Minister ds. wyjścia W. Brytanii z Unii Europejskiej David Davis powiedział w poniedziałek w parlamencie, że nie musi ona być w UE, aby mieć dostęp do wspólnego rynku. Dodał, że rząd woli opóźnić negocjacje ws. Brexitu, niż źle się do nich przygotować.
- Uruchomimy artykułu 50. tak szybko, jak to racjonalnie możliwe. Wolałbym jednak spóźnić się o miesiąc, niż zrobić to źle - powiedział Davis. Artykuł 50. traktatu UE przewiduje możliwość opuszczenia Unii Europejskiej przez państwo członkowskie.
Premier Theresa May zapowiedziała już w połowie sierpnia, że nie uruchomi tego artykułu do końca 2016 roku.
Minister dodał, że nie uważa, iż wola kontrolowania imigracji przez Londyn musi oznaczać, że Wielka Brytania ma mieć gorsze relacje gospodarcze z UE. Unijni przywódcy podkreślali wielokrotnie, że jeśli Zjednoczone Królestwo chce należeć do wspólnego rynku, to musi respektować fundamentalne prawa Unii, włącznie ze swobodą przemieszczania się obywateli UE.
Rząd Wielkiej Brytanii analizuje ryzyko związane z takimi kwestiami jak właśnie to, jaki będzie miała ona dostęp do rynku po Brexicie - podkreślił minister.
Ostrzegł również, że o ile jak dotąd brytyjska gospodarka nie ucierpiała poważnie z powodu decyzji o wyjściu z UE, to jednak "nie należy być w tej kwestii zbytnim optymistą, dopóki nie zostaną domknięte negocjacje" w sprawie Brexitu.

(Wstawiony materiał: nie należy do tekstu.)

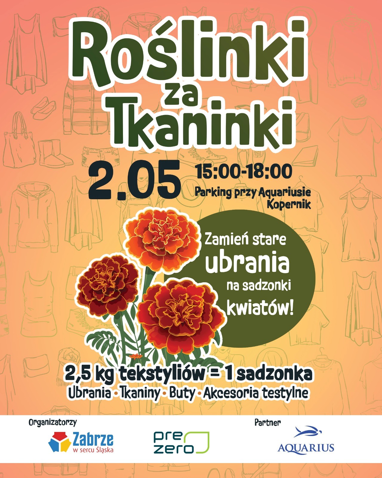 Akcja „Roślinki za Tkaninki” została zorganizowana przez Miasto Zabrze oraz firmę PreZero, która od lat działa na rzecz zrównoważonego gospodarowania odpadami. Partnerem wydarzenia jest również basen Aquarius Kopernik, który udostępnił przestrzeń parkingową na potrzeby akcji.

Davis wyjaśnił też, że jego resort zatrudnił już 180 pracowników, których wspiera 120 kolejnych osób pracujących w Brukseli. W sierpniu minister był krytykowany za to, że opieszale rekrutuje personel, który ma docelowo liczyć 250 osób. Davis był przed referendum z 23 czerwca zaangażowany w kampanię na rzecz opuszczenia Unii.